Sebelum mengembalikan UN, kita harus menelaah secara mendalam fungsi sebenarnya dari ujian ini.Â
Apakah UN diharapkan sebagai alat ukur pencapaian, sebagai motivasi belajar, atau sekadar formalitas belaka?
Selain itu, hasil dari pelaksanaan UN yang adil dan jujur juga harus dipertimbangkan. Sistem PPDB zonasi yang diterapkan sekarang memungkinkan siswa masuk ke sekolah unggulan tanpa memperhatikan prestasi akademis.
Sistem zonasi bertujuan baik, yakni untuk memeratakan kualitas pendidikan. Namun, dampaknya adalah siswa yang kurang berjuang dalam belajar tetap bisa masuk ke sekolah berdasarkan lokasi tempat tinggalnya.Â
Hal ini menimbulkan pertanyaan, apakah UN tetap relevan jika tidak lagi menjadi syarat masuk ke sekolah lanjutan? Atau justru perannya harus didefinisikan dalam konteks baru?

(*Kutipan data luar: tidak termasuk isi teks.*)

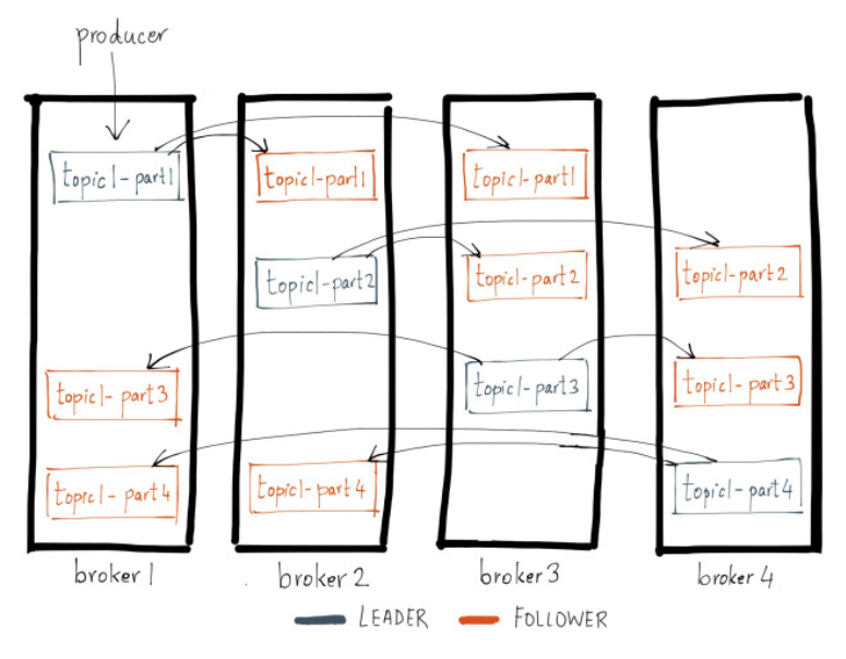 然后,分区的数据将被复制到多个代理上,如果其中一个代理脱机,用户流量将被重定向到可用的副本。

Tanpa perubahan pendekatan, UN hanya akan kembali berakhir menjadi simbol. Padahal, yang diharapkan adalah bahwa UN bisa memotivasi siswa untuk berkembang dalam bidang akademik dan keterampilan mengamalkan nilai-nilai hidup seperti kejujuran, mandiri, dan bertanggung jawab.
Dalam skala lebih besar, hasil belajar siswa haruslah berfungsi untuk mencerminkan hasil pendidikan secara keseluruhan, bukan sekadar nilai yang tercantum di atas kertas.
Selain itu, penyesuaian UN dengan kebutuhan zaman juga sangat penting. Misalnya, ujian yang hanya mengukur hafalan sudah dianggap usang di era digital ini.
Sistem pendidikan secara global saat ini telah menekankan keterampilan berpikir kritis dan analitis. Serta kemampuan pemecahan masalah, yang menjadi kebutuhan utama di berbagai bidang termasuk di dunia kerja.
Jika UN kembali diadakan, mungkin formatnya perlu disesuaikan untuk lebih fokus pada kompetensi dasar siswa, seperti literasi, numerasi, dan berpikir kritis.